WASHINGTON (AP) — The Federal Reserve said Wednesday that the U.S. economy is losing strength and repeated a pledge to take further steps to stimulate growth if the job market doesn’t show sustained improvement.
The Fed took no new action after a two-day policy meeting. But it acknowledged in a statement released after the meeting that economic activity had slowed over the first half of the year. It also said unemployment remains elevated and consumer spending is rising at a somewhat slower pace.
Stocks indexes turned slightly lower after the Fed didn’t announce any new measures to stimulate the economy. The Dow Jones industrial average was down only 5 points roughly an hour after the Fed’s announcement at 2:15 p.m.

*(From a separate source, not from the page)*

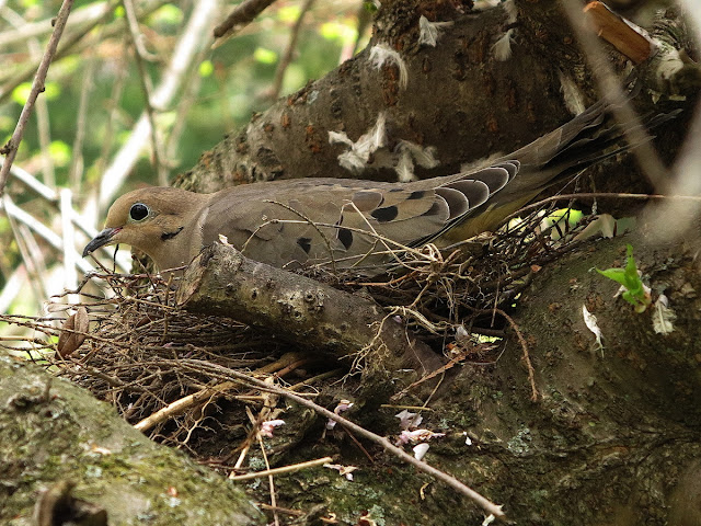 We have a Mourning Dove nesting in our weeping cherry tree.

It was up 20 points immediately before.
The yield on the 10-year Treasury note increased to 1.53% after the Fed’s statement was released.
The statement was nearly identical to the one issued after the Fed’s last meeting, June 19 and 20, except for language noting slower growth. The Fed repeated that strains in the global market pose a significant risk to the U.S. economy, the housing market is improving but remains depressed and inflation remains tame.
Policymakers also repeated their plan to hold short-term interest rates at record-low levels until at least late 2014.
Most economists say the Fed could launch another program of buying government bonds and mortgage-backed securities at its September meeting if the economy doesn’t show improvement. The goal of the program, known as quantitative easing, would be to drive long-term rates, which are already at record lows, even lower.
Economists will eagerly await what Chairman Ben Bernanke’s has to say at an annual economic conference later this month in Jackson Hole, Wyo.
“The Fed took no action at this meeting but strongly hinted that there will be further easing action at the next meeting in September,” said David Jones, chief economist at DMJ Advisors.
Jones noted that in its pledge to provide further support, the Fed changed the phrasing to say the central bank “will provide additional accommodation as needed to promote a stronger economic recovery.” In the previous statement in June, the central bank simply said that it “is prepared” to take further action.
The statement was approved on an 11-1 vote. Jeffrey Lacker, president of the Federal Reserve Bank of Richmond, dissented for a fifth time this year. He objected to the Fed including language in the statement about keeping short-term rates low until late 2014.
U.S. economic growth slowed to an annual rate of just 1.5% from April through June, down from a 2% rate in the first quarter.
Fed officials have signaled in speeches their concern about job growth and consumer spending. Bernanke told Congress two weeks ago that the Fed is prepared to take further action if unemployment stays high.
Worries have also intensified the U.S. economy will fall off a “fiscal cliff” at the end of the year. That’s when tax increases and deep spending cuts will take effect unless Congress reaches a budget deal. A recession could follow, Bernanke has warned.